George Osborne has promised to hand councils full control over business rates, a decision that threatens to lock local authorities into competitively cutting taxes to attract local enterprise.
Announcing the surprise reforms at Conservative party conference in Manchester, Osborne promised a “devolution revolution” as announcing new freedoms for councils to retain the £26bn in business rate income at local level and to cut the level of the rate.
Osborne told delegates at the Conservative party conference: “Today I am embarking on the biggest transfer of power to our local government in living memory. We’re going to allow local government to keep the rates they collect from business. That’s right, all £26bn of business rates will be kept by councils instead of being sent up to Whitehall.”
A corresponding power for local government to raise rates will only be given to councils that agree to be governed by a directly elected city-wide mayor, such as in London, and only do so long as the extra revenue is spent on infrastructure rather than services, and the plans have the majority approval of local businesses.
Such councils will be entitled to raise rates by 2p, providing a big incentive for councils to agree to follow Osborne’s favoured model for local government, and so raise additional cash to invest in housing and transport.
The reforms partly remove controls Lady Thatcher imposed in an era of leftwing local government in 1990. But Osborne put the changes in the context of his long term plan to empower local government and build the “northern powerhouse”, an experiment in government and economic regeneration that he frankly admitted may not work.
He said he was trying to slay all the dragons that lay in Britain’s way, adding repeatedly that “we are the builders”. The overall theme of the speech was for the Conservative party to extend its hand to working people now that Jeremy Corbyn had taken Labour to the fringes of the left. He insisted the Conservatives are the party of work, the only true party of labour.
In his key reform, Osborne said the uniform national business rate will be abolished and councils will still be able will be able to keep all the business rates that they collect from local businesses meaning that power over £26bn of revenue from business rates will be devolved from Whitehall.
The Tories introduced a business rates retention scheme in 2013 that allowed councils to keep up to 50% of local business rates.
In his speech Osborne said he was taking the move further and that by 2020 English councils will be entitled to keep all the business rates. Full devolution of business rates will give local government control over an extra £13bn by 2020, said the Treasury.
In practice an existing system of top-ups, transfers and tariffs will continue that takes account of the fact that some wealthy councils, such as Westminster City council, earn vastly more in business rates than most councils. But the existing level of transfers will be frozen, slowly reducing the value of the transfers. Increasingly councils that experience economic growth will become wealthier as they retain more the additional revenue.
The chancellor said: “Any local area will be able to cut business rates as much as they like to win new jobs and generate wealth, It’s up to them to judge whether they can afford it. It’s called having power and taking responsibility.”
A Treasury official confirmed the chancellor was content for councils to cut the business rate to attract companies to their locality. There will be a safety net for any council who loses 7.5% of their business rates revenue in a year.
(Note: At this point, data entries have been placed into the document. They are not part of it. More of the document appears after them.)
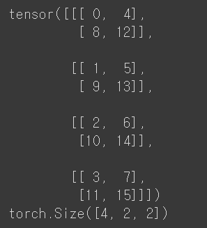 i는 torch.arange(16)으로 0 ~ 15를 차례대로 value로 같은 텐서를 만든다. reshape(2,2,4)로 3차원으로 만드는데 0차원이 2개이고 2행 4열짜리 텐서를 만든다. transpose(1,2)로 (2,2,4)에서 인덱스로 봤을 때 인덱스[1]인 2와 인덱스[2]인 4를 바꾼 텐서를 만드는 것 4행 2열짜리 2차원 텐서를 만든다고 생각한다. 아닌가.. permute()도 역시 (2,0,1)을 각각 바꿔주는 역할을 하는 듯하다.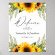Välkommen dina gäster i bröllop med elegantens solrosposter. Utformningen erbjuder en vattenfärgsgrafik av solblommor och grönt som visas över skyltens övre och grund. Anpassa detta välkomnande poster med namn från bruden och brudgummen.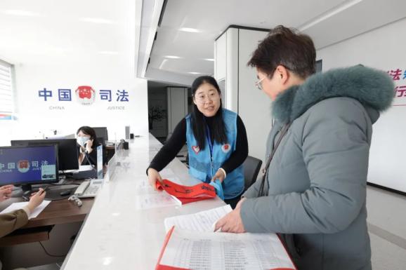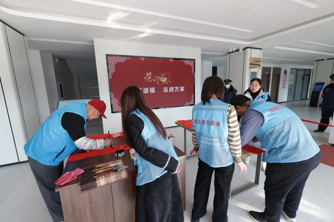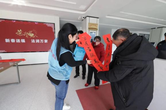在给群众送去新春祝福的同时,志愿者们现场发放了宪法、民法典、百姓法治宝典等宣传资料,并就群众关心的法律问题给予耐心细致地解答,真正为群众答疑解惑。前来办理业务的群众表示,“这个活动搞得好,送福字送春联,送“法”又送“福”,咱也过个红红火火的法治年。”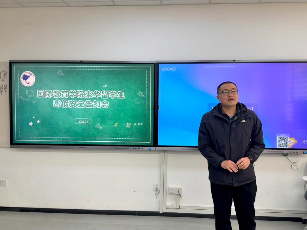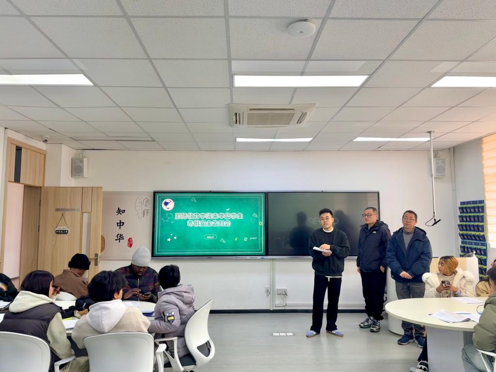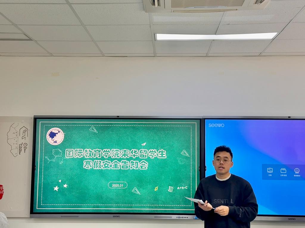 1月14日,国际教育学院学工办联合外事办召开了来华留学生寒假安全告知会议。学工办主任黄熠、外事科科长孙岩松、留学生辅导员许简出席会议,全体留学生参会。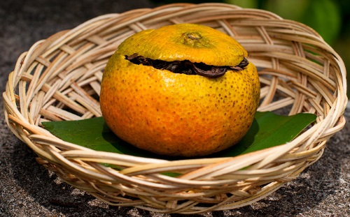 "" Нужно срезать верхнюю часть мандарина, вытащить мякоть, и вместо нее засыпать листовой чай, плотно утрамбовав, и прикрыв верхней срезанной частью кожуры, после чего оставить на солнце на 4 дня. Чай пропитается мандариновым ароматом от его цедры, и будет готов к завариванию."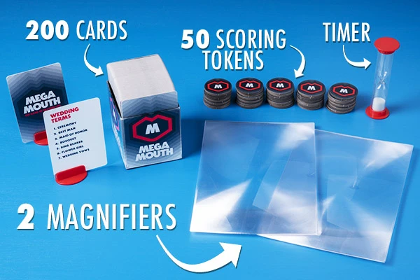 As with the classic game charades, the clue-giver can't say a word in Mega Mouth. But instead of pantomime, they're given a piece of magnifying material that makes their mouth mega-sized so that everyone can see as they silently speak the clue words.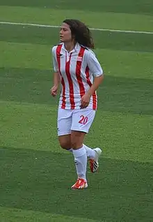 Merve Aladağ (1 March 1993) is a Turkish footballer who plays as a striker for Turkish First League club Kdz. Ereğli Belediye Spor with jersey number 23.[1] With her team, she has also played the Champions League. She is a member of the Turkish national team, having made her official debut on 23 November 2011 against Romania, and as a junior international she played the 2012 U-19 European Championship.[2]
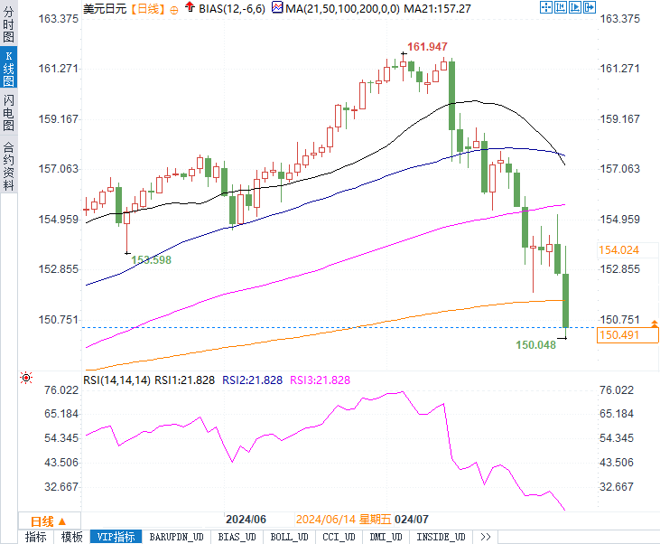 就在不久前,美元/日元汇率还曾达到接近162的高点,创下了38年来的新纪录。然而,日本央行的突然加息,以及随后的外汇市场干预,迅速改变了这一趋势。美元/日元汇率在短短四周内,从高点回落至150.05,这一水平是19周以来的最低点。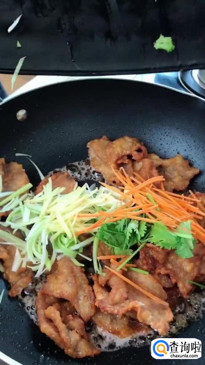 接着把刚炸好的里脊肉倒入锅中并加入葱丝,姜丝和胡萝卜丝,翻炒三分钟,如下图所示。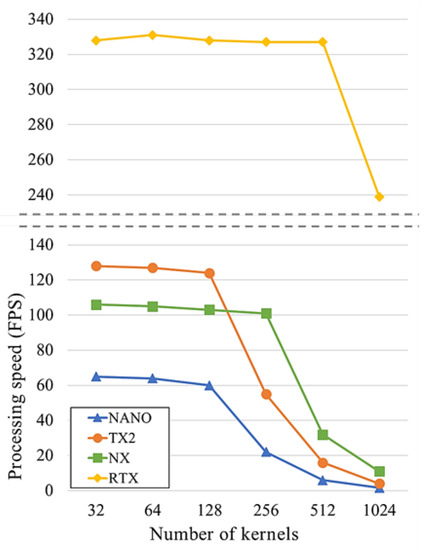 The difference in the processing speeds is significantly reduced due to the parallel processing power of the GPU. As shown in Figure 1, in NANO, the processing speed decreased slightly when the number of kernels was 128, and rapidly decreases more at 256. TX2 has no significant change in the processing speed until it reaches 128 kernels, but a significant decrease occurs at 256 and a rapid decrease occurs at 512 kernels. In the case of NX, while maintaining similar processing speed until it reaches 256 kernels, a significant decrease occurs at 512 or higher kernels. NX performs lower processing speed than TX2 in less than 128 kernels, but it achieves faster processing speed in 256 or more kernels. This is because TX2 has a single GPU clock speed of 1300 MHz, which is higher than NX’s 1100 MHz, so even though NX has higher parallel processing power, TX2 achieves faster processing speed in a small number of kernels that can perform the same parallel processing power. On the other hand, the Titan RTX which is a high-performance GPU for server-computing, maintains the same processing time even at 512 kernels, and a significant decrease occurs at 1024 kernels, but it still shows superior computing power when compared other edge-computing devices.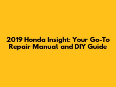 2019 Honda Insight: Repair Manual & DIY Guide

Currently only 17% of local government money is raised through local taxation – compared to an average of 55% across the OECD – and councils only directly control and raise 5% of their money in the form of council tax. This means that councils currently gain a limited amount from business growth in their area.
Jim McMahon, Labour leader of local government and leader of Oldham council, welcomed some of the changes but warned the reforms may over time lead to greater inequality in the ability of councils to raise revenue.
Tony Travers, director of the London local government group at the London School of Economics, said the scheme is designed to incentivise councils to be pro-enterprise, but Labour warned councils could be forced into a competitive battle to woo business by repeatedly cutting rates to attract companies to invest in their council.
Chartered Institute of Public Finance and Accountancy chief executive, Rob Whiteman, said ministers must now make clear how the decentralising process will work, including the procedure for worst-case scenarios and how high-need authorities, who currently have a net reliance on central funding, will be supported.
“They must also make clear exactly which services such as police, public health and special education needs local government will be expected to fund from business rates.”
The Centre for Cities thinktank welcomed the reforms – some similar to proposals set out by Labour ahead of the 2015 election saying they “signal the government is now ready to devolve significant fiscal powers alongside the strategic planning, transport and skills powers included in devolution deals to date”.
CBI director general John Cridland said the reform would be welcome as long as it didn’t lead to higher costs for businesses.
“If this bold announcement on business rates is a way to cut them, then it will spur councils to take a pro-growth approach, and has the CBI’s support. But this must not be a way to increase rates without the consent of the local business community.”
Osborne also confirmed that he was setting up a National Infrastructure Commission to be chaired Lord Adonis by the former Labour cabinet minister. Adonis will no longer take the Labour whip in the Lords but remains a Labour party member.